Tobacco usage in India is one of the largest preventable cause of non-communicable diseases such as oral cancer, lung cancer, obstructive lung disease and cardiovascular disease, to name a few. Consumption of tobacco in smoked forms (e.g., cigarettes, bidis, cigars, hookah) and smokeless forms (e.g., Gutkha, zarda, khaini) kills nearly a million users annually- all entirely preventable premature deaths.

An epidemic with no sign of abating

With nearly 300 million current users of risky tobacco in India, of which 200 million chew smokeless tobacco, the tobacco use epidemic and the resultant deaths from cancers and other preventable diseases are unlikely to abate for the foreseeable future. The effects of smokeless tobacco are most pronounced in the oral cavity, manifesting as submucosal fibrosis, leukoplakia and oral cancers. The incidence of oral cancer in India is among the highest worldwide, comprising nearly half of all oral cancers globally. Already, smokeless tobacco kills more than 350,000 people every year in India. Particularly concerning is the disproportionately higher use of smokeless tobacco among socio-economically disadvantaged groups, women and the rural population. For example, tobacco chewing is common among migrant construction workers, those living in urban slums, truck and metro transport drivers. In the case of pregnant women chewing tobacco, their tobacco use harms them as well as their babies with an increased risk of anaemia, higher rates of stillbirth and lower weight of the newborn.

Catch them early and save millions of lives

The user groups of smokeless tobacco often have a poor understanding of tobacco harms and cessation aids, along with poor access to healthcare. Cessation aids in the form of behavioural support and safer nicotine alternatives to smokeless tobacco are not affordable, accessible or available to the majority of the population.

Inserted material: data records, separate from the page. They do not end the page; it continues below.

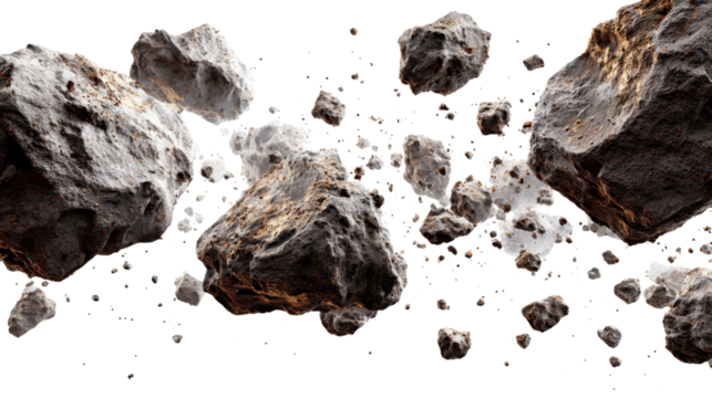 Asteroids and meteoroids drifting through space, forming a celestial debris field with a transparent background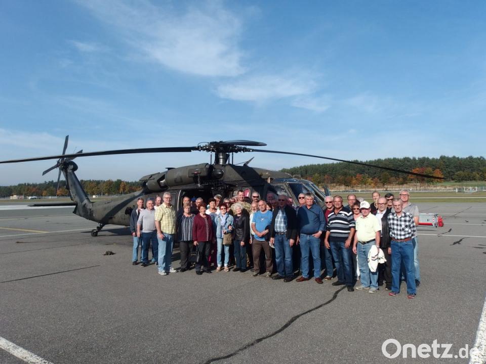 Auch einen Rettungshelikopter konnten die Besucher bestaunen. Ein Pilot erklärte ihnen schließlich, wie so ein Hubschrauber funktioniert. Da immer ein Sanitäter an Bord ist, kann der Helikopter bei einem Notruf sofort "in die Luft gehen". Anhand von Munitionsteilen gab Gerald Morgenstern im Übungsgelände, welche Munition verwendet wird. Anschließend ging es für die Kirchenthumbacher zum "Schwarzen Berg". Von dem Aussichtspunkt aus waren nicht nur US-Artillerieeinheiten zu sehen - das gute Herbstwetter erlaubte auch eine großartige Fernsicht. US-Soldaten, die in Grafenwöhr üben, verewigen sich auf diesem Turm. Das war auch für Elvis Presley ein Muss. Der Schriftzug des Musikers war für viele Kirchenthumbacher ein begehrtes Fotoobjekt. Während der Rundfahrt bot sich der Gruppe auch ein Blick auf die Neubauten im Grafenwöhrer Truppenlager. Hier wurden für Soldaten und ihre Angehörigen große Sporthallen und -plätze geschaffen. Jährlich findet auf einem neuen großen Gelände das Deutsch-Amerikanische Volksfest statt.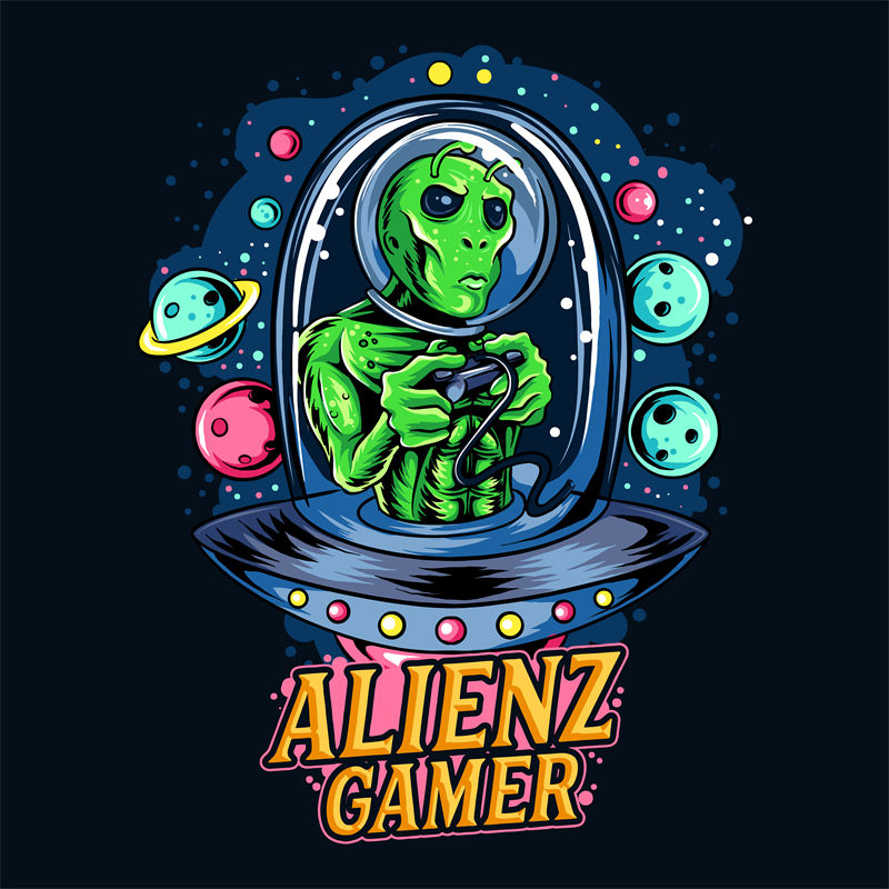 POP花型网 » 外星人游戏机裁片印花:独特创意服装印花设计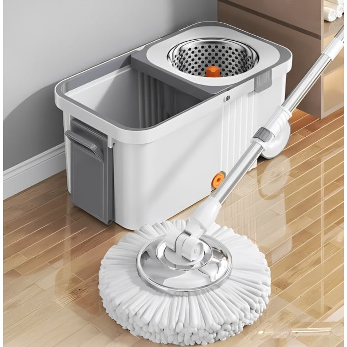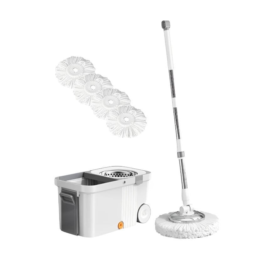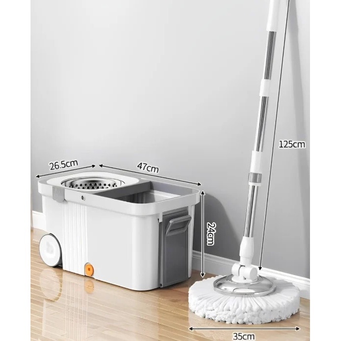 Cu acest set, vei obtine o curatenie stralucitoare fara sa depui mult efort. Galeata cu roti si storcatorul centrifuga iti permit sa storci mopul fara sa te apleci, iar lavetele din microfibra capteaza eficient praful si murdaria, lasand podelele impecabile si igienizate. Fie ca faci curatenie zilnica sau mai detaliata, setul de mop rotativ este partenerul perfect pentru a-ti mentine casa curata si stralucitoare.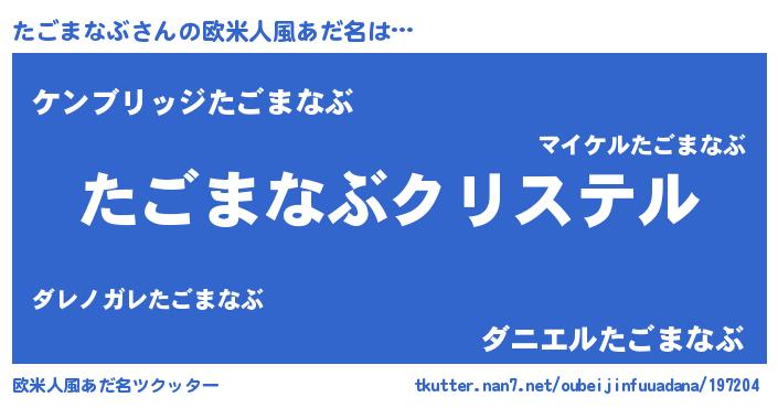 | ファンタジー風あだ名 | 『エターナルタゴマナブー』『ゼタゴトゥ』 |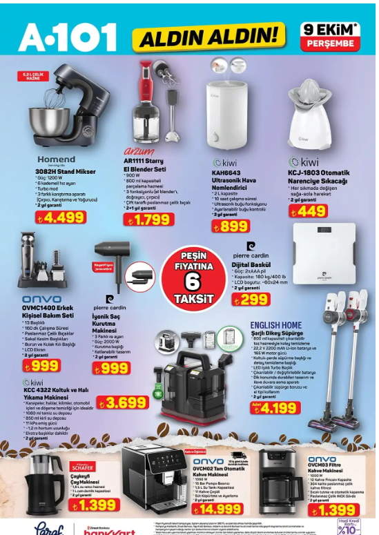 A101, 9 Ekim aktüel ürünler kataloğunda peşin fiyatına taksit imkanı da sunuyor. Birçok üründe 6 taksite varan ödeme kolaylığı bulunuyor. Bu da bütçe dostu alışveriş yapmak isteyenler için önemli bir avantaj sağlıyor.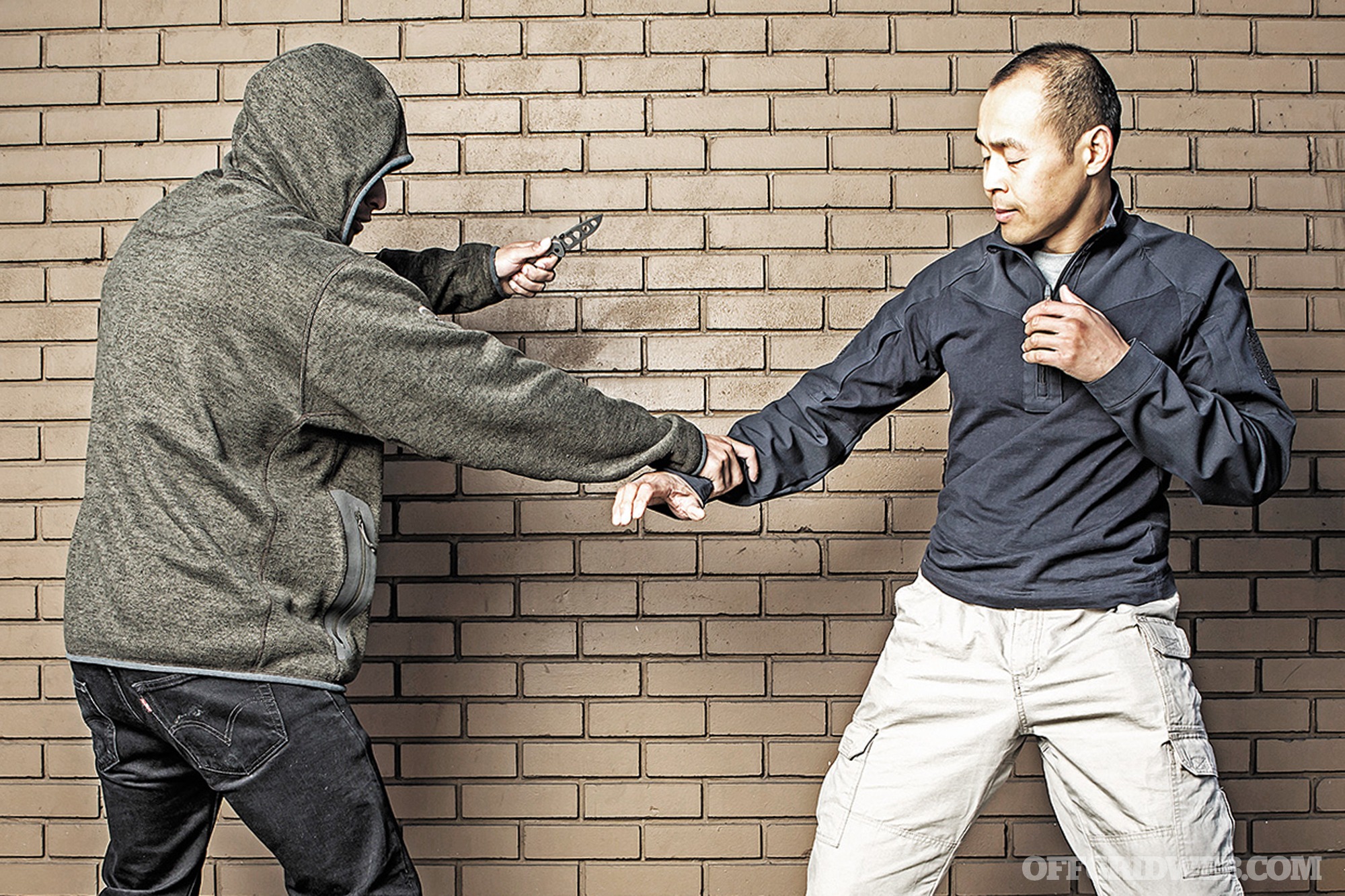 PV: Learn how to run. And fast! [Laughs.] In all seriousness, the best lesson to learn about knife attacks is to not get caught in one in the first place. One of the defensive tactics we teach is to avoid physical confrontations whenever and wherever possible.

Screening for pre-malignant and early-stage oral cancers can be done by experts by visual inspection. However, if the person at the point of care (POC) who is screening is not skilled and experienced, then the sensitivity and specificity of the visual diagnosis can be very low. This is generally the case in rural healthcare settings. As a result, tobacco user patients from rural and disadvantaged backgrounds are more likely to present late with stage III or stage IV oral cancer. Currently in India, overall survival following treatment at 5 years for Stage I oral cancer is 100% and decreases to 85% for Stage II. For Stages III and IV, 5-year survival can be a mere 43% and 42% respectively. This is further worsened due to lower affordability and access to chemotherapy and radiotherapy for most of the rural populations.

Early screening of pre-cancerous oral lesions such as leukoplakia and erythroplakia complemented by opportunistic and comprehensive tobacco cessation support has the potential to be a significant and impactful public health intervention. So how do we achieve this breakthrough soon and to scale? Can digital technology and machine learning come to the rescue?

Artificial Intelligence enabled POC screening

Computer vision has a great potential to help the Healthcare industry. All diagnoses which involve visual inspections of photographs or scans of body parts (Radiology, Ophthalmology, Skin) and tissue samples (histopathology) are considered to be ripe application areas.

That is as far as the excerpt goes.